AI in practice

AI startup Runway integrates Stable Diffusion for text-to-video editor

Maximilian Schreiner

Runway

Startup Runway shows off an impressive AI video editor controlled by text input. The editor is using the open-source AI Stable Diffusion.

New York-based startup Runway offers an online editor that aims to make content creation accessible to all. To achieve this, the company relies on automation through artificial intelligence.

AI can currently, for example, replace backgrounds with a digital green screen, adjust the style, or remove objects from a video. The company is quickly incorporating new tools for AI-supported content creation into its platform.

Video: RunwayML

Runway has raised more than $45.5 million in funding from investors since its founding in 2018, including $35 million in December 2021 alone.  The increasing maturity of AI applications for images and videos may have been helpful in talks with investors.

Runway shows off new 'text-to-video' feature

The AI startup offers a whole range of different AI models for different features in its backend, including GAN models for generating images that can be used as backgrounds in a video, for example.

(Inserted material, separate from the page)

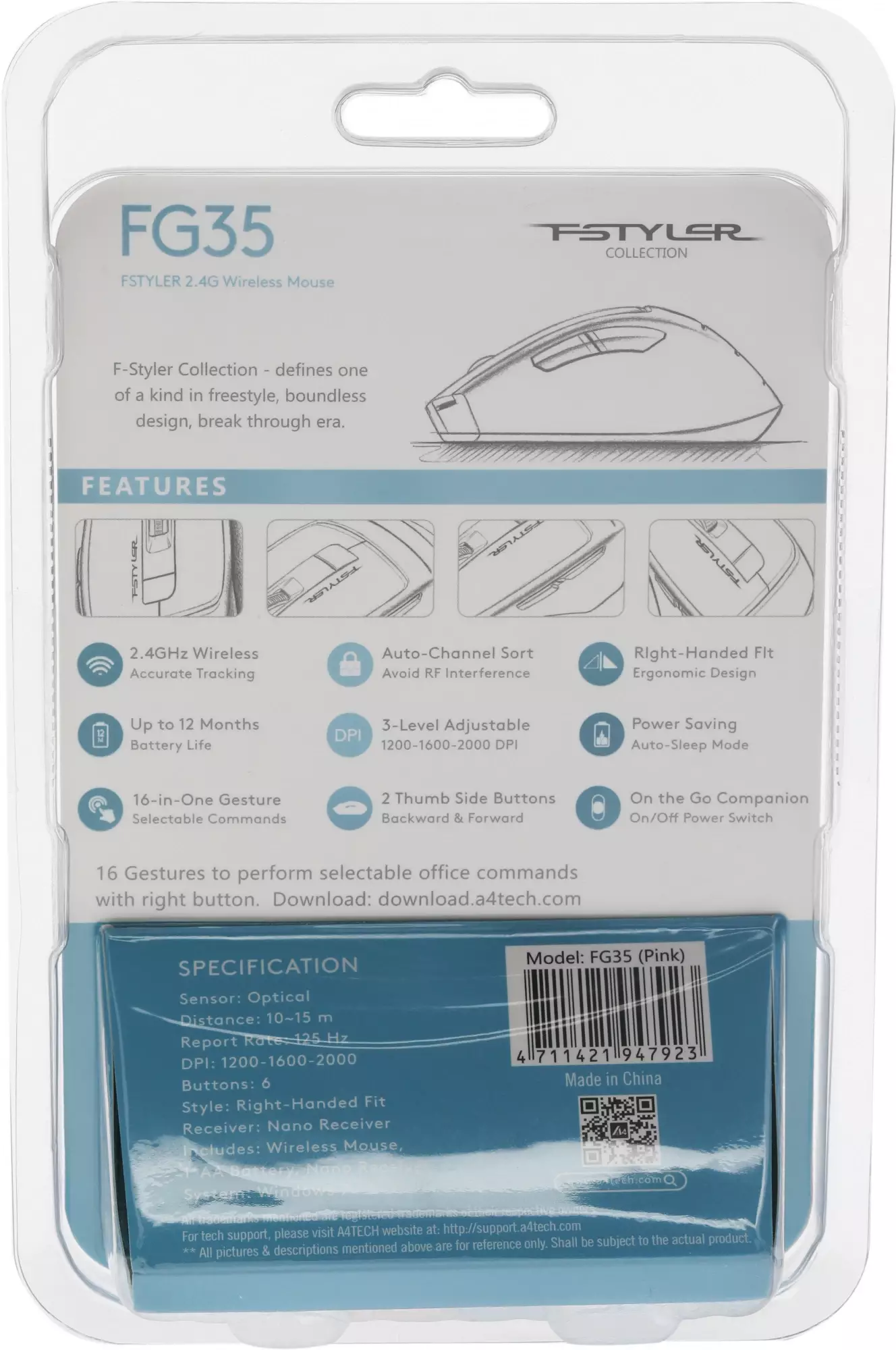 Мышь A4Tech Fstyler FG35, розовый/белый (fg35 pink)

Recently, Runway started implementing Stable Diffusion, a powerful open-source model for images. Runway was already actively involved in the creation of Stable Diffusion: Staff member Patrick Esser was a researcher at the University of Heidelberg before joining Runway and was involved in the development of VQGAN and Latent Diffusion.

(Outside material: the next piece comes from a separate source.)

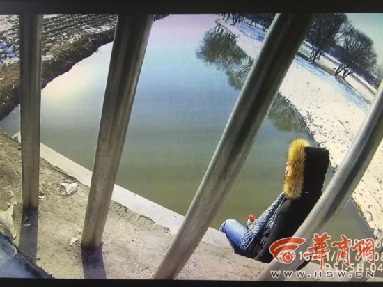 獨(dú)坐在浐河橋護(hù)欄外的鋼架上,不時(shí)拿起手邊的白酒喝上幾口,然后痛哭不止,因?yàn)槿烊箾]找到女友,男子準(zhǔn)備借著酒勁投河輕生。
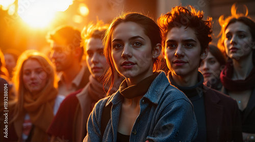 Crowd of young adults standing at sunset, serious expressions,international youth day

In a new promotional clip, Runway now shows an impressive text control of the video editor.

Using simple text commands, users can import video clips, generate images, change styles, cut characters, or activate tools.

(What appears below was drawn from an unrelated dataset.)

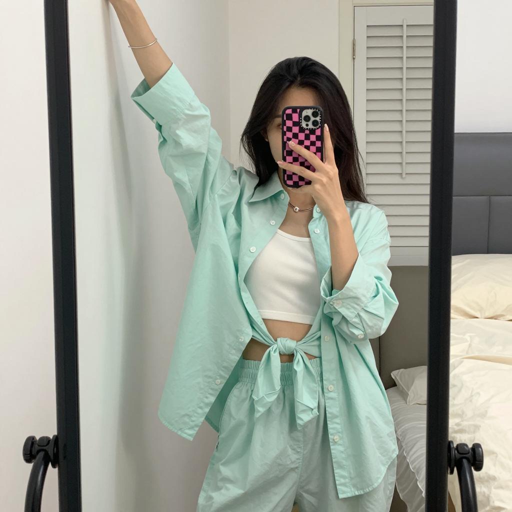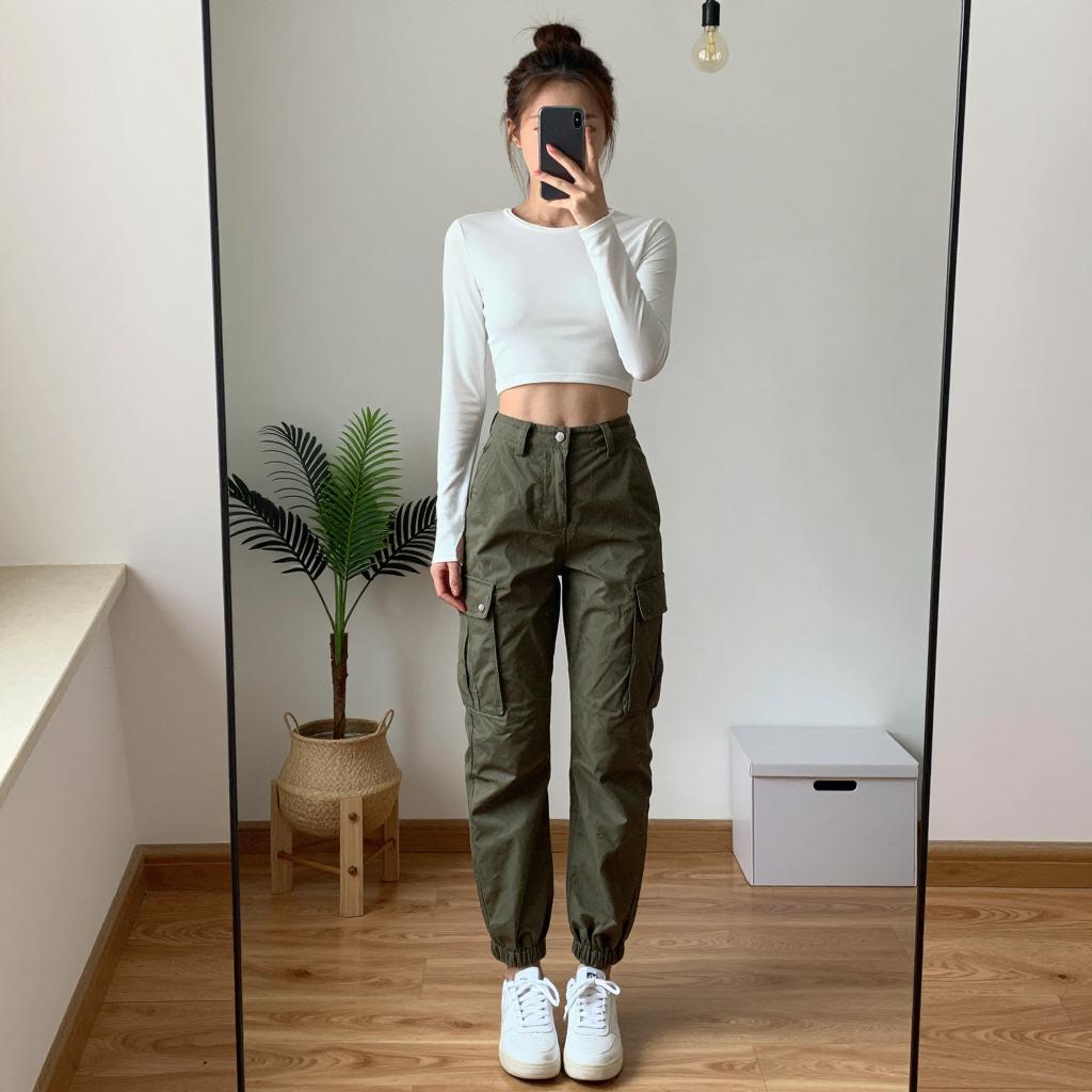 Photograph of a woman with straight brown hair sitting on a white tiled floor, taking a selfie with an iPhone. She wears a green oversized hoodie and black Adidas track pants with white stripes. Her right hand rests on the floor while her left hand holds the phone. The background has a white couch and a black and white wall art piece. She has a neutral expression, and her face is partially obscured by the phone. The room is well-lit with white walls.

Text-to-video feature is actually a text control

Runway markets the new feature as text-to-video, an apt description that can nonetheless be confusing: In technical jargon, AI systems like DALL-E 2, Midjourney, or Stable Diffusion are called text-to-image systems. They receive text input and generate a matching image.

However, Runway's text-to-video feature controls existing video tools via text input. It is not a generative video model that produces video from text input.

Such systems also exist: Deepmind recently showed its Transframer model, which creates 30-second video clips based on text. But they are still far removed in quality from the now quite mature image models.

The workflow of numerous creatives will nevertheless be greatly simplified by Runway's new feature. It also shows that the startup's bet on simple, AI-powered video production is working.